541. Reverse string II

Reading questions

1. The question is take K In the character , Turn it all over , But the starting position of the next reversal should be 2*K Starting from the position of .
2. If the next starting position starts , Following character <K individual , Then turn it all over .
3. If at first Characters are less than K, Just flip it all over .

🧸 Problem solving

 I look at the 
class Solution {
public:
    string reverseStr(string s, int k) {
		
        int len = s.size();// Record the next position of the last character 
        for(int i = 0;i<len;i+=2*k)
        {
            if(i+k<len)
            {
                reverse(s.begin()+i,s.begin()+i+k);
            }
            else{
                reverse(s.begin()+i,s.begin()+len);
            }
        }
        return s;
    }
};

🧸 Decoding code

i Is the starting position of each flipped character .
i+k Is the end position of each flip .
len Is the next position of the last character
for(int i = 0;i<len;i+=2*k)

for Loop start , Every time i+=2*k, Directly find the starting position of the next inverted character .

if(i+k<len)

i Every time +=2*k, Then as long as i The location of +k, Not more than len, Just reverse i To k Characters .

else

i The location of +k, More than the len, It indicates that the character ratio that can be flipped K Small , Then turn it all over directly .

Tail control

for example k = 2
i + k Turn it over 2 Characters .
So the subscript of the end position is 2, That is, the position of the third character , and reverse It just needs to be closed on the left and opened on the right , See the following explanation for details .

reverse

reverse(left,right) The parameter of the function is left closed and right open .
The official explanation is ： Flipped characters ： It means in left To right The character of the interval , contain left The character pointed to , It doesn't contain right The character pointed to .

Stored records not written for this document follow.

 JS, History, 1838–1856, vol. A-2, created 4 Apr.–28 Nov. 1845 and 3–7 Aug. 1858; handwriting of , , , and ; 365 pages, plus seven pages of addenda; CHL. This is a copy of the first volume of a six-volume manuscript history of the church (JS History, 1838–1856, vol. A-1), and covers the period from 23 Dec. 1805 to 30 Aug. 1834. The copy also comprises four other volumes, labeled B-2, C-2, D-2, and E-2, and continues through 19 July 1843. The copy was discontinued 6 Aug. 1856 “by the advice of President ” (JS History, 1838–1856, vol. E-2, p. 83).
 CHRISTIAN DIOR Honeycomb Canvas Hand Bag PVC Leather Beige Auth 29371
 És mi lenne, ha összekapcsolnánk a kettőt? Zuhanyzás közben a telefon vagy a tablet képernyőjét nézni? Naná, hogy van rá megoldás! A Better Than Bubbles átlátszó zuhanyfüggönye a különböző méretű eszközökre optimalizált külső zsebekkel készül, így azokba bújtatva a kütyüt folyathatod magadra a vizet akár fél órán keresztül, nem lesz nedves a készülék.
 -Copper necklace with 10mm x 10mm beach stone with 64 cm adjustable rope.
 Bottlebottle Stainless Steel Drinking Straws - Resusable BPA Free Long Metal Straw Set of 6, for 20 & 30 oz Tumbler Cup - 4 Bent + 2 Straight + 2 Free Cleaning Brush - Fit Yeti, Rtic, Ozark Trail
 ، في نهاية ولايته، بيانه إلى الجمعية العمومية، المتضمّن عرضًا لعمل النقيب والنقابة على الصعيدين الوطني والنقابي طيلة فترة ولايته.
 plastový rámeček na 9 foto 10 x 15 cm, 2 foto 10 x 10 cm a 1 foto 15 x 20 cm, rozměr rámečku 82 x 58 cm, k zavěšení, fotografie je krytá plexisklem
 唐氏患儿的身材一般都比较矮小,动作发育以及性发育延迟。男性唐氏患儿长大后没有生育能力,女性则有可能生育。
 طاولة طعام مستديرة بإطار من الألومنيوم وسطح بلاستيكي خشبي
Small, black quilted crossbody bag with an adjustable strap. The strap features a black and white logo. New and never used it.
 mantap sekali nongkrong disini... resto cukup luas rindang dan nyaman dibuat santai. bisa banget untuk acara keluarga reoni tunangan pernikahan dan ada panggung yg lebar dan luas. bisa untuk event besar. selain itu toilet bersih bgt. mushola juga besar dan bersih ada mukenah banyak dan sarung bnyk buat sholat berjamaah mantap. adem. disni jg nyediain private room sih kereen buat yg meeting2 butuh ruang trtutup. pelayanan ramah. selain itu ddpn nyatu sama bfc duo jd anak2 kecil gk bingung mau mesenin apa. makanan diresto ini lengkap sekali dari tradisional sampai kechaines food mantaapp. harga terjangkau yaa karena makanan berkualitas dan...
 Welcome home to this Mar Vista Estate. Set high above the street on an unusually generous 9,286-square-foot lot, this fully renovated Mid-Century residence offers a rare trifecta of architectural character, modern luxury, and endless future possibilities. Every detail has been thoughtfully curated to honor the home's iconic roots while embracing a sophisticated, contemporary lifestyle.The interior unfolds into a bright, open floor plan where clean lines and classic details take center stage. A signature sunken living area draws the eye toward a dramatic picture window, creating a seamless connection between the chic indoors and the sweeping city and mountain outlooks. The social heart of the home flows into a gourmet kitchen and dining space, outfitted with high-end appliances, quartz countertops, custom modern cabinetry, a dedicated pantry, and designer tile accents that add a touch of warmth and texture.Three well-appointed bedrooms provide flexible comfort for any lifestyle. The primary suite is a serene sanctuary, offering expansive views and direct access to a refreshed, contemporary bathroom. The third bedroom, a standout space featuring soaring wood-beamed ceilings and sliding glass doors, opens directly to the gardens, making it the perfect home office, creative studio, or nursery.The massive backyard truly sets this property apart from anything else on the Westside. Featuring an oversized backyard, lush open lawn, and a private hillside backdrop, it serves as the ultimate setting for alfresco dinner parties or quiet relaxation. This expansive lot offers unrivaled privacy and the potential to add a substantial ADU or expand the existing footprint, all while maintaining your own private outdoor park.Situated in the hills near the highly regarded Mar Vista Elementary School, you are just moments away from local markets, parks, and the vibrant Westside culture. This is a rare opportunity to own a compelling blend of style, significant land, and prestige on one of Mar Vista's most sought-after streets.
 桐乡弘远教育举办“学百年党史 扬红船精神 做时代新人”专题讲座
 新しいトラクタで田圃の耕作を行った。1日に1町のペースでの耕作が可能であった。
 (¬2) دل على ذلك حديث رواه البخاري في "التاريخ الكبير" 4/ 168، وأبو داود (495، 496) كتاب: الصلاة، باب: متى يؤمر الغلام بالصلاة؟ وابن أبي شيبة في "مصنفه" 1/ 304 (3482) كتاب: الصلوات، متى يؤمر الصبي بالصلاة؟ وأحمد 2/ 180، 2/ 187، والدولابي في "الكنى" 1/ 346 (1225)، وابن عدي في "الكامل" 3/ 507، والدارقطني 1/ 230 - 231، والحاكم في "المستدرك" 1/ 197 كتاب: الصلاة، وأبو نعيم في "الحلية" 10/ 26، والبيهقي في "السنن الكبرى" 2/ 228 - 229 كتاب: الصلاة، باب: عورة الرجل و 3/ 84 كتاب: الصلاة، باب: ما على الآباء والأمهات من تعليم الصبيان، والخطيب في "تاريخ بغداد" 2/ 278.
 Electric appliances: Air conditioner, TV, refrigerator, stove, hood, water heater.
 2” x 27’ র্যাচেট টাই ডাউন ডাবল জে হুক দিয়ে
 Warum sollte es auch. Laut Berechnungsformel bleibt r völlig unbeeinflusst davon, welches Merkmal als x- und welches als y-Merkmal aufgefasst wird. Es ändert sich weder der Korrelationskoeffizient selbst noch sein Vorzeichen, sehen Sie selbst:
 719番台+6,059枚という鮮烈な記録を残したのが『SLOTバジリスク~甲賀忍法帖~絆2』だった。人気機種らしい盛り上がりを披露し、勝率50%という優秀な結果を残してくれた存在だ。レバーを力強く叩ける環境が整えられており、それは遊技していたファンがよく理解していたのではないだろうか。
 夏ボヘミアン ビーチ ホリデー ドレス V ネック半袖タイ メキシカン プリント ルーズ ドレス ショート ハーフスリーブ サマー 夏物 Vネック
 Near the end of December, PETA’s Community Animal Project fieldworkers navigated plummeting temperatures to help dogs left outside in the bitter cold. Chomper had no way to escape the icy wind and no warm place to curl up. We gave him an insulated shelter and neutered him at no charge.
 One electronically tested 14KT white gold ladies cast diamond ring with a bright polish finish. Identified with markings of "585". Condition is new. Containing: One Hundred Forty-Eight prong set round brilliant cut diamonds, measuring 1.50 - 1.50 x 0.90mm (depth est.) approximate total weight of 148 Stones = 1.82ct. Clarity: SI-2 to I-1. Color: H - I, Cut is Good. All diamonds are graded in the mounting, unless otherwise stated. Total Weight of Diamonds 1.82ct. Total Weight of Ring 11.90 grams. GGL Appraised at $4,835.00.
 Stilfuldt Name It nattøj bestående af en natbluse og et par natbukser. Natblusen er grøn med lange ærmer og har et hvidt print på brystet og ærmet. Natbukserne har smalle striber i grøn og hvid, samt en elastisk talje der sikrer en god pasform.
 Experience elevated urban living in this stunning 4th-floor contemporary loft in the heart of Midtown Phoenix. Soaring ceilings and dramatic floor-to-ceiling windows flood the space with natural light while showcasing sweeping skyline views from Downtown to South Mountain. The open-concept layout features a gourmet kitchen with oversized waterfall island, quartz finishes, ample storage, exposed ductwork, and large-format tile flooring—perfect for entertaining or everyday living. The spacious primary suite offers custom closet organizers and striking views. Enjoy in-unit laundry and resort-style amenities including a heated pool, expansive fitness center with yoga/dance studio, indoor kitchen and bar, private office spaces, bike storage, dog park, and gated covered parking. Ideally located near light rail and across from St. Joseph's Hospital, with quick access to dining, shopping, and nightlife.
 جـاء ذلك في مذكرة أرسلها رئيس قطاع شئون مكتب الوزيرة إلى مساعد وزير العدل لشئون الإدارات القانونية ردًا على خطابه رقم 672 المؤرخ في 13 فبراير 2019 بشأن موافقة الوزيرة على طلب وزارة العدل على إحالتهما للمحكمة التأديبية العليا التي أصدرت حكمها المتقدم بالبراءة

🧸 The first time I wrote code

     The algorithm written for the first time : It's so long  , The train of thought is to encounter a problem , Solve it once .
        if(s.size()>=k)// Avoid flipping with only one character , direct return
        {
            int begin = 0, end = s.size();//begin Is to find 2k The location of ,end It's the end 
            int count = 0, prev = 0;//count Is the number of records flipped ,prev Yes k The position where the reversal begins 
            while (begin < end) //begin Keep going back , Until you're done 
            {
                count = 0;//count  Each start will be set 0, Is the number of characters to be flipped 
                prev = begin;// Reset to next k The position where the reversal begins 
                while (begin < end &&count < 2*k)// In the calculation   Is it enough 2k
                {
                    if (count != 2 * k)
                    {
                        ++begin;
                        ++count;
                    }
                }
                if ((count == 2 * k) || (count < 2 * k && count >= k))
                {
                    reverse(s.begin() + prev, s.begin() + prev+k);// Flip prev To k Characters between 
                }
                else if (count < k && count!=1)
                {
                	// Flip prev All characters to the end , because count Only record to end The location of 
                    reverse(s.begin() + prev, s.begin() +prev+count);
                }
            }
        }
        else
        {
            if(s.size() != 1)// Here is   If k Directly greater than   The number of characters , Just flip it all 
            {
                reverse(s.begin(),s.end());
            }
        }
        return s;
    }
 This code is redundantly written , There seem to be a lot of useless variables , I haven't changed any more . This code can be passed .

come on. , I wish you get your favorite offer！